Republic of the Moon
16 December 2011–26 February 2012
FACT
88 Wood Street, Liverpool
L1 4DQ, UK
www.artscatalyst.org
www.fact.co.uk
As the players in the 21st century race for the Moon line up—the USA, China, India and Russia jostling with private corporations interested in exploiting the Moon’s resources—a group of artists are declaring a Republic of the Moon: a ‘micronation’ for alternative visions of lunar life.
Republic of the Moon challenges utilitarian plans for lunar mines and military bases with artists’ imaginings and interventions. Combining beguiling fantasies, personal encounters, and playful appropriations of space habitats and scientific technologies, it reclaims the Moon for artists, idealists and dreamers. The last Moon race was driven by the political impulses of the Cold War, but shaped by extraordinary visions of space created by writers, film-makers, and artists, from Jules Verne, Lucien Rudaux, and Vasily Levshin, to HG Wells, Stanislav Lem and Stanley Kubrick. Can artists’ quixotic visions reconcile our romantic notions of the Moon with its colonised future, and help us to reimagine our relationship with our natural satellite in the new space age?
Curated by The Arts Catalyst and FACT, Republic of the Moon includes major new commissions by Agnes Meyer-Brandis and WE COLONISED THE MOON, and works by Leonid Tishkov, Andy Gracie, Liliane Lijn and Sharon Houkema.
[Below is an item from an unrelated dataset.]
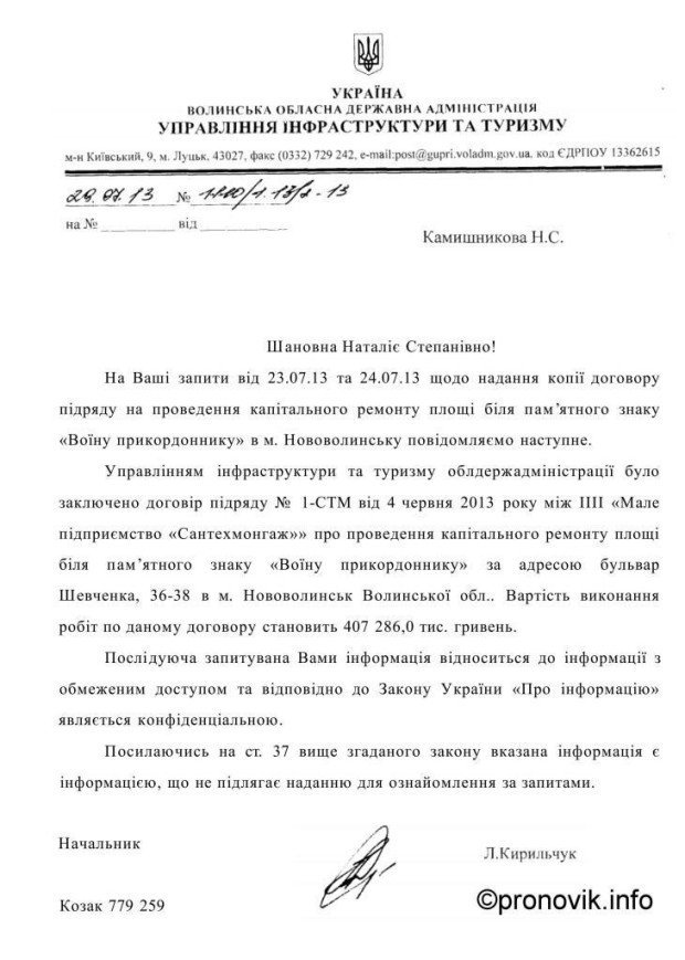 Згідно з законом “Про доступ до публічної інформації” прошу надати вичерпну інформацію про кошторис робіт із реконструкції площі біля пам’ятника воїну-прикордоннику в Нововолинську.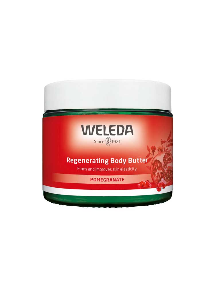 The Weleda Pomegranate Regenerating Body Butter is a renewing formula that firms and improves skin elasticity for maturing skin. This rich body butter features antioxidative Pomegranate extract, clinically proven to firm and regenerate skin while combating premature skin aging. Gotu Kola supports collagen production to increase skin elasticity, while organic Shea Butter leaves skin hydrated for 12 hours. It is easily absorbed and non-greasy, so you can dress immediately after massaging it in. The sublimely exotic fragrance of Orange, Davana and Vanilla creates a pampering and indulgent experience. Clinical studies showed 7% increased skin elasticity with firmer skin within 2 weeks and 10% reduced skin roughness with twice daily application. Made in Germany, certified natural and vegan.

Agnes Meyer Brandis‘ poetic-scientific investigations weave fact, imagination, storytelling and myth, past, present and future. In The Moon Goose Analogue: Lunar Migration Bird Facility the artist develops a narrative based on The Man in the Moone, written by Francis Godwin in 1608, in which the protagonist flies to the Moon in a chariot towed by ‘moon geese’. Meyer-Brandis has actualised this concept by raising eleven moon geese from birth at Pollinaria in Italy, imprinting them on herself as goose-mother, training them to fly and taking them on expeditions. The artist will build a remote Moon analogue habitat for the geese, which will be operated from a control room within the gallery.*
Luring us onto the surface of the Moon, WE COLONISED THE MOON (Sue Corke and Hagen Betzwieser) create an immersive audience experience, Enter At Own Risk. For this new commission, the artists are synthesising the smell of the Moon and developing an experimental performance piece, drawing on the entertainment iconography of early astronaut training.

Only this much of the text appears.